Fotos: Tiroler Festspiele Erl 2022, © Dr. Ritterband
Die weltbekannte Wiener/Münchner Mezzosopranistin Brigitte Fassbaender hat seit 1994 respektable 85 Inszenierungen auf die Bühne gebracht – und man merkt es auch diesem zweiten Teil von Wagners „Ring“-Zyklus sofort an, dass hier eine erfahrene Sängerin mit extrem reicher Regie-Erfahrung inszeniert hat: Da stimmt einfach alles. Nach ihrem erfolgreichen „Rheingold“ vom letzten Jahr im alten Passionstheater Erl mit seiner erstklassigen Akustik brilliert sie mit einem exquisiten Ensemble und einem hervorragenden Orchester unter dem souveränen Dirigat von Erik Nielsen in einer packenden, musikalisch großartigen „Walküre“.
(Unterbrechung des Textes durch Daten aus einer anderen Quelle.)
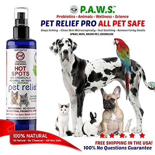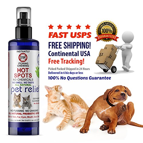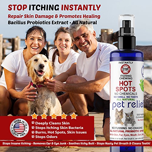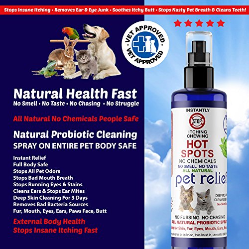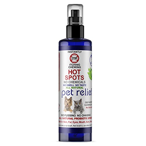-. Feature : Instant Hot Spot Dog Stop Itching Spray! Safe for Eyes, Ears, Nose, and Bad Dog Breath simply by spraying in the water bowl. Cleans and Repairs Skin to grow back healthy fur. All Natural NO CHEMICALS, NO STINGING, NO BAD SMELLS! Use on Dogs Cats Birds and People. Free Shipping, Two 4oz bottles. Instant Cooling Soothing European Probiotics. Stops Biting. Stops Scratching, Stop Itching, provides Pet Relief natural stop itching spray. / Soothing Cooling Skin Repair & Stop Itching Spray. Stop Chewing of the paws on contact! / No Sting, No Smell, No Burning, Spray area and leave on / Probiotic extracts works for 7 days and deep cleans and heals skin / Promotes Fur Growth and Repair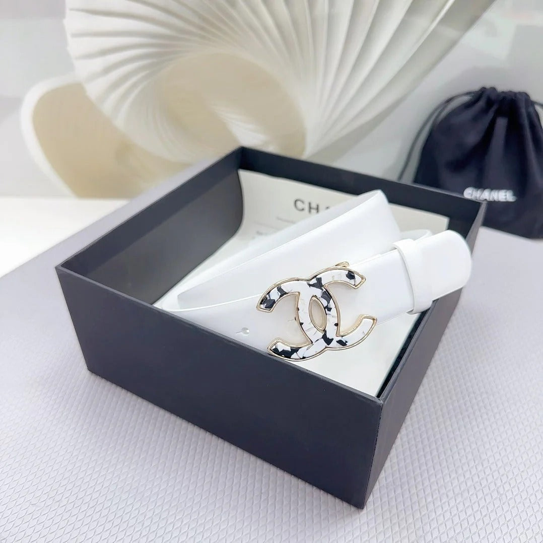 CC 30MM BELT IN WHITE SHINNY CALFSKIN WHITE LOGO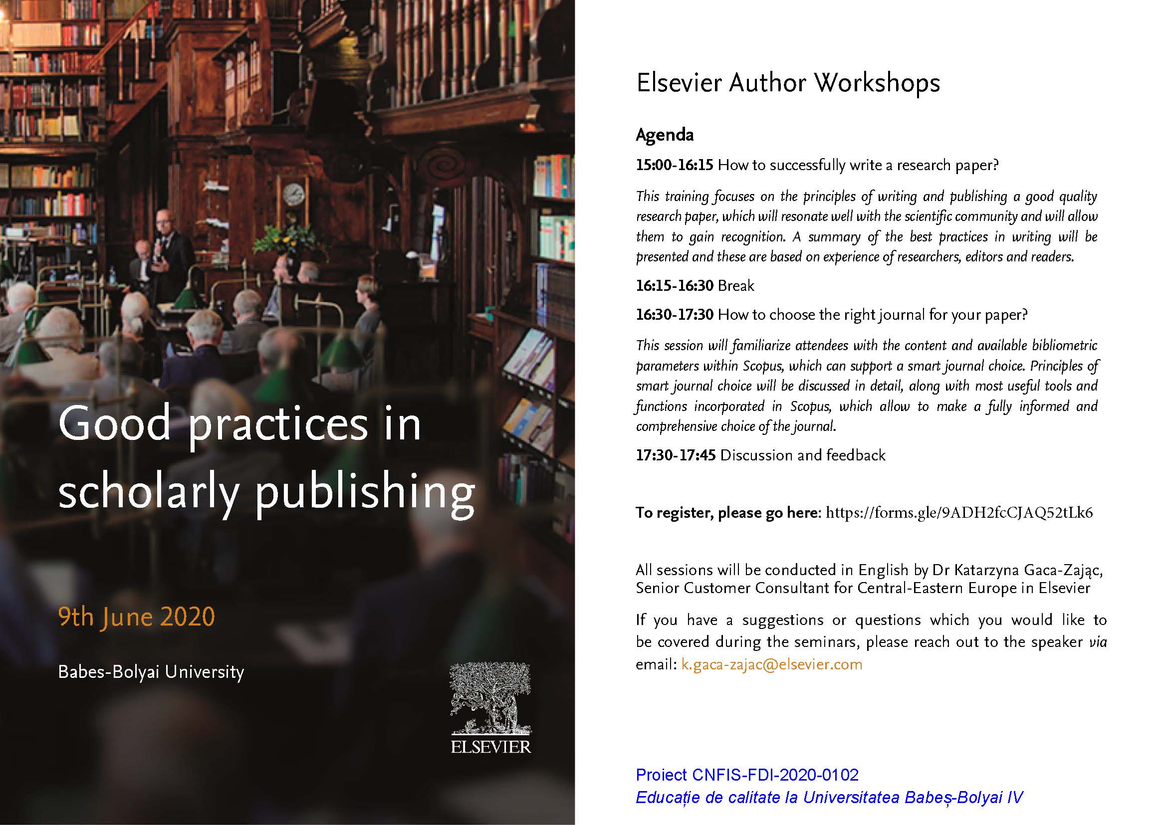 Die Babeș-Bolyai Universität organisiert, im Rahmen des Forschungsprojektes , CNFIS-FDI-2020-0102 „Educație de calitate la Universitatea Babeș-Bolyai IV”- Hohe Bildungsqualität an der Babeș-Bolyai Universität, ein Webinar zum Thema akademisches Schreiben. Das Seminar hat als Zielgruppe Masteranden und Doktoranden.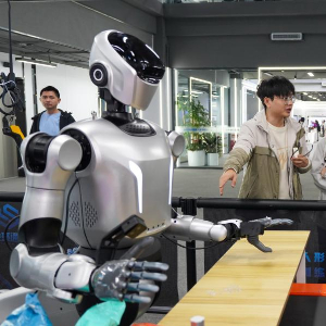 4月9日,学生在石景山人形机器人数据训练中心操控小型机器人。

Tiroler Festspiele Erl, 17. Juli 2022
Richard Wagner, „Die Walküre“
Orchester der Tiroler Festspiele Erl
Musikalische Leitung: Erik Nielsen
Regie: Brigitte Fassbaender
Bühnenbild und Kostüme: Kaspar Glarner
Video: Bibi Abel
Licht: Jan Hartmann
von Dr. Charles E. Ritterband (Text und Foto)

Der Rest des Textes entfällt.